The Cortex-M1 processor implements the ARMv6-M architecture, which provides a number of features to optimize interrupt latency and task switching when using a real-time operating system like Keil RTX. The key aspects to focus on are proper configuration of the Nested Vectored Interrupt Controller (NVIC), optimal placement of interrupt service routines (ISRs), and utilizing RTX features like preemption thresholds and fast context switching.
Configuring the NVIC
The NVIC on Cortex-M1 supports up to 240 external interrupts that can be configured with programmable priority levels. Proper priority assignment is important to ensure the most time-critical interrupts can preempt lower priority ones. Set the NVIC priorities appropriately in the startup code based on the requirements of the application. Higher priority interrupts can preempt lower priority ones, except when interrupts with the same priority occur at the same time, in which case the lower numbered interrupt will execute first.
The NVIC also allows configuring interrupts as “priority groups” which partitions the priority levels into groups of preemptable and non-preemptable interrupts. Use this to ensure the ultra high priority interrupts like the SysTick timer can always preempt lower priority interrupts, regardless of the priority assignment.
In addition, utilize the NVIC’s interrupt enabling/pending features in the runtime code for time-critical interrupts, rather than relying only on the peripheral’s interrupt enable bits. This allows pending interrupts to be cleared during the ISR, avoiding back-to-back triggers.
Optimizing Interrupt Service Routines
Since ISRs introduce latency in the system it is important to optimize their execution time. The Cortex-M1 provides some helpful mechanisms in this regard.
Set the BASEPRI register to mask off lower priority interrupts during critical sections of code. This avoids additional latency from unnecessary preemption. Use the PRIMASK register to globally disable interrupts for very short code segments.
Place the ISR code in tightly coupled memory like internal SRAM whenever possible, to reduce access time. This is especially beneficial for the highest priority ISRs.
Keep the ISR code as short and fast as possible. Use intrinsics like __disable_irq() and __enable_irq() to protect shared resources rather than doing this manually. Avoid function calls within ISRs unless absolutely necessary.
Return from the ISR using intrinsics like __DSB(), __ISB() and __SEV() to ensure interrupts are re-enabled efficiently without waiting for pending memory accesses.
Utilize RTX features like memory pool management and mail queue APIs rather than dynamic memory allocation or task synchronization primitives in the ISR code.
Configuring RTX Task Switching
The RTX RTOS provides several mechanisms to optimize task switching latency on Cortex-M1.
Enable preemption thresholds for time critical tasks to prevent preemption during a critical section. Assign higher threshold values to tasks that require more time uninterrupted.
Use RTX fast context switching feature which utilizes lazy stacking on interrupt entry to avoid unnecessarily saving unused registers on every context switch.
Increase the RTX_CONF_ISR_FIFO_QUEUE setting from its default of 16 to 32 or higher to optimize queuing of multiple pending interrupts.
Set RTX_CONF_ROUND_ROBIN_ENABLE to 0 to use a priority based scheduler rather than time slice based round robin scheduling.
Assign the RTX kernel tick timer to a high priority interrupt, for example using the SysTick timer, to force regular task switches and reduce latency.
Call os_sys_init_user() before initializing any library code or creating RTOS objects during system startup to optimize RTX resource management.
Assign tasks timing requirements via the .task_delay or .task_period parameters to enable RTX to schedule tasks predictably and efficiently.
Increase the number of RTX thread stack sections to match the number of threads, and size the stacks according to usage requirements to optimize memory.
Measuring Optimization Improvements
To quantify the effects of the optimization techniques, benchmark the interrupt latency, task switching times and overall system jitter before and after the changes using profiling tools like the SEGGER SystemView recorder or DWT cycle counter.

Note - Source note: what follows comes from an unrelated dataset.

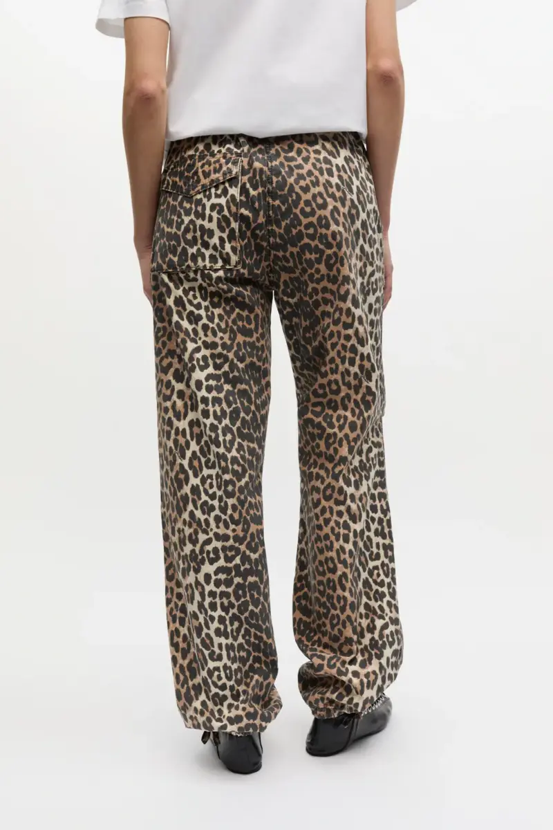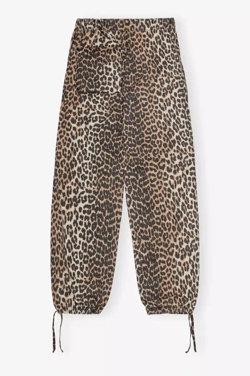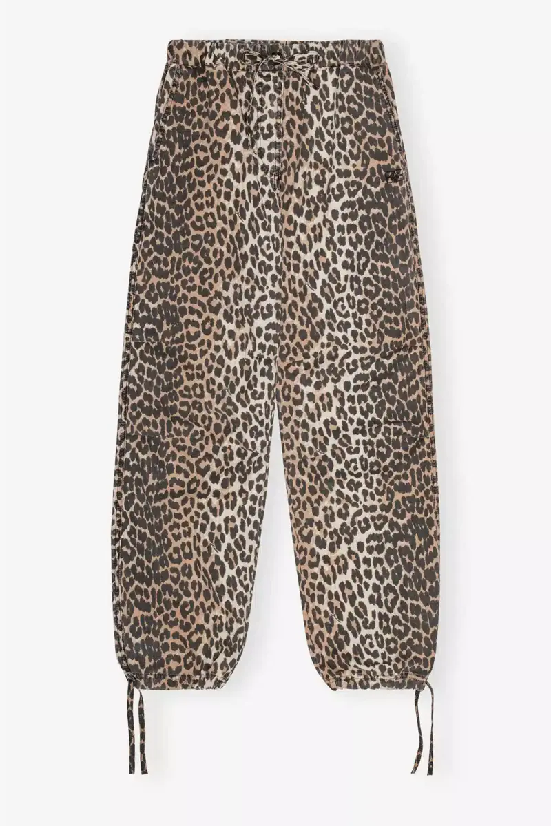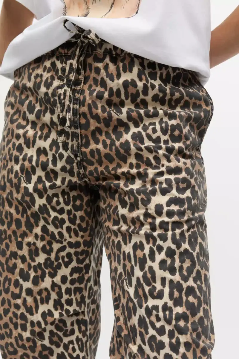 Washed katoenen canvas broek met trekkoord en luipaardprint

Interrupt latency can be measured from the start of the ISR handler to when it begins servicing the interrupt. Context switch time can be measured by reading the DWT cycle counter value on exit of a task and entry of the next scheduled task.

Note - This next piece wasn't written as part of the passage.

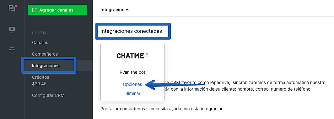 ¡La integración está completa! Verá el bot en Integraciones conectadas y puede cambiar su configuración cuando lo desee colocando el puntero del mouse sobre la integración > Opciones.

Jitter is more difficult to measure but capturing a histogram of the differences in expected vs actual task wakeup times and interrupt service intervals will illustrate improvements from optimizations. The optimization goal is to reduce the standard deviation or extremes in these histograms as much as possible.
In a properly optimized Cortex-M1 system, interrupt latency should be under 10 microseconds, context switch times around 5 microseconds, and overall jitter less than 1 microsecond RMS. Significant deviations above these values indicate room for tuning via the techniques described.
Conclusion
Optimizing interrupt response and task switching on Cortex-M1 requires utilizing the full range of tools provided by the architecture, RTOS and compiler. Prioritizing interrupts properly via the NVIC, minimizing ISR latency, and configuring RTX preemption and switching behavior all contribute to improving real-time performance. Quantitative benchmarks before and after applying these optimization techniques will validate the gains.